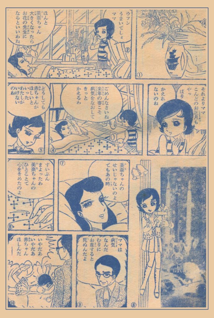 本号は終刊前年にあたる1月号であり、雑誌後期の動向を知るうえで興味深い一冊である。巻頭まんがには、わたなべまさこによる長期連載作「白馬の少女」が掲載されている。わたなべまさこはその後、新作「ミミとナナ」を発表し、同作は『週刊マーガレット』へと連載の場を移し、同誌創刊期を支える作品のひとつとなった。
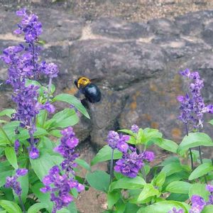 第一陣のラベンダー収穫後、第二陣は蜂🐝さんたちにお花を開放して... この暑さにも関わらずくまんばち🐝やアシナガバチが忙しく蜜集めに🍯 毎年大盛況にヒヤヒヤしながら脇を通り過ぎるのでした🤣 大きくなりすぎたので、花が終わったら強めに剪定しなきゃね
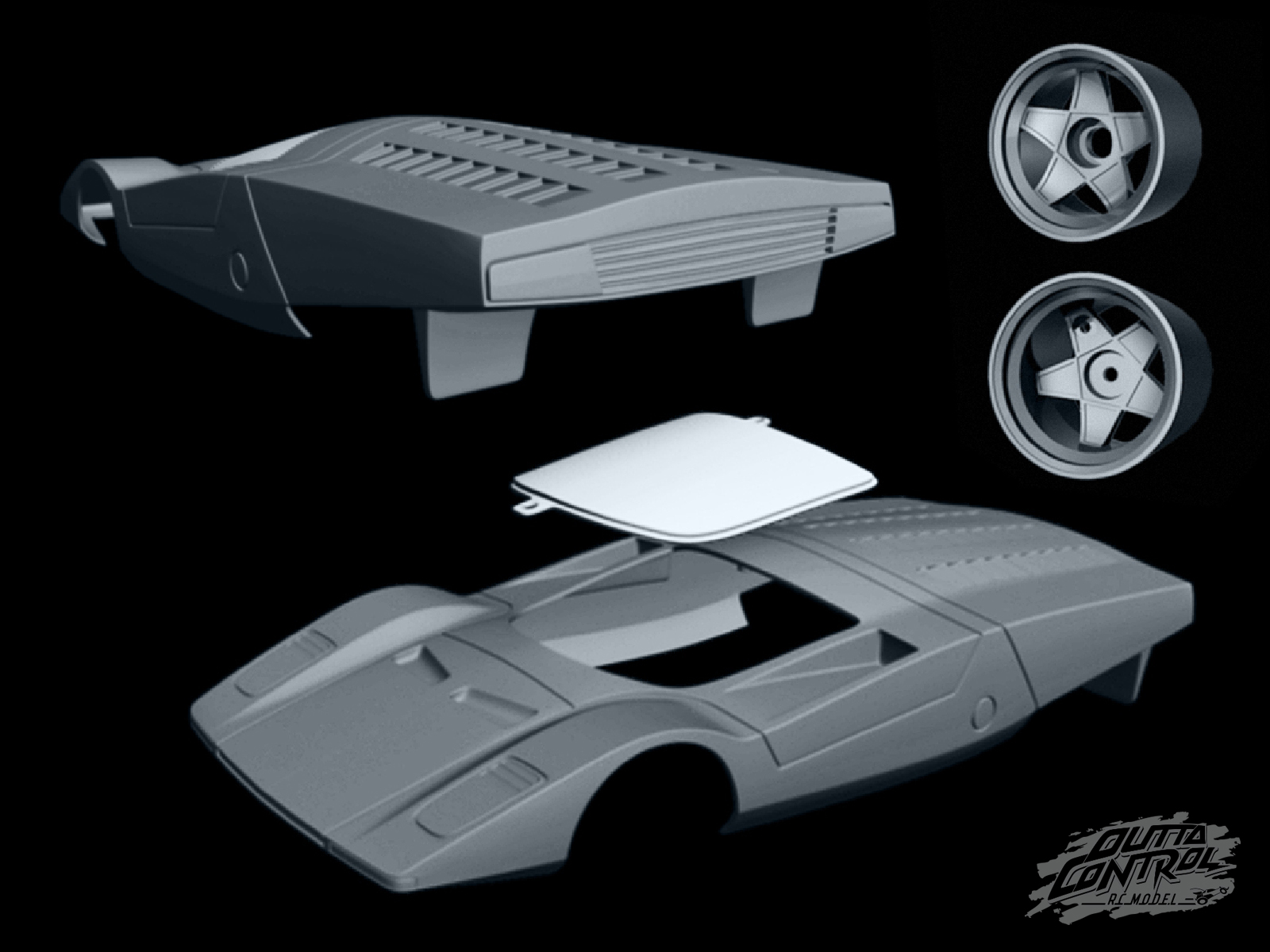 printed in a mix of resin and ABS material and the windshield was printed in clear resin. The wheels were also printed from resin/ABS. The special wheel nuts are special production made from aluminium.

> _Work to be completed_
Retype the whole listing exactly and leave the pictures out.

> _Solution_
 本号は終刊前年にあたる1月号であり、雑誌後期の動向を知るうえで興味深い一冊である。巻頭まんがには、わたなべまさこによる長期連載作「白馬の少女」が掲載されている。わたなべまさこはその後、新作「ミミとナナ」を発表し、同作は『週刊マーガレット』へと連載の場を移し、同誌創刊期を支える作品のひとつとなった。
 第一陣のラベンダー収穫後、第二陣は蜂🐝さんたちにお花を開放して... この暑さにも関わらずくまんばち🐝やアシナガバチが忙しく蜜集めに🍯 毎年大盛況にヒヤヒヤしながら脇を通り過ぎるのでした🤣 大きくなりすぎたので、花が終わったら強めに剪定しなきゃね
 printed in a mix of resin and ABS material and the windshield was printed in clear resin. The wheels were also printed from resin/ABS. The special wheel nuts are special production made from aluminium.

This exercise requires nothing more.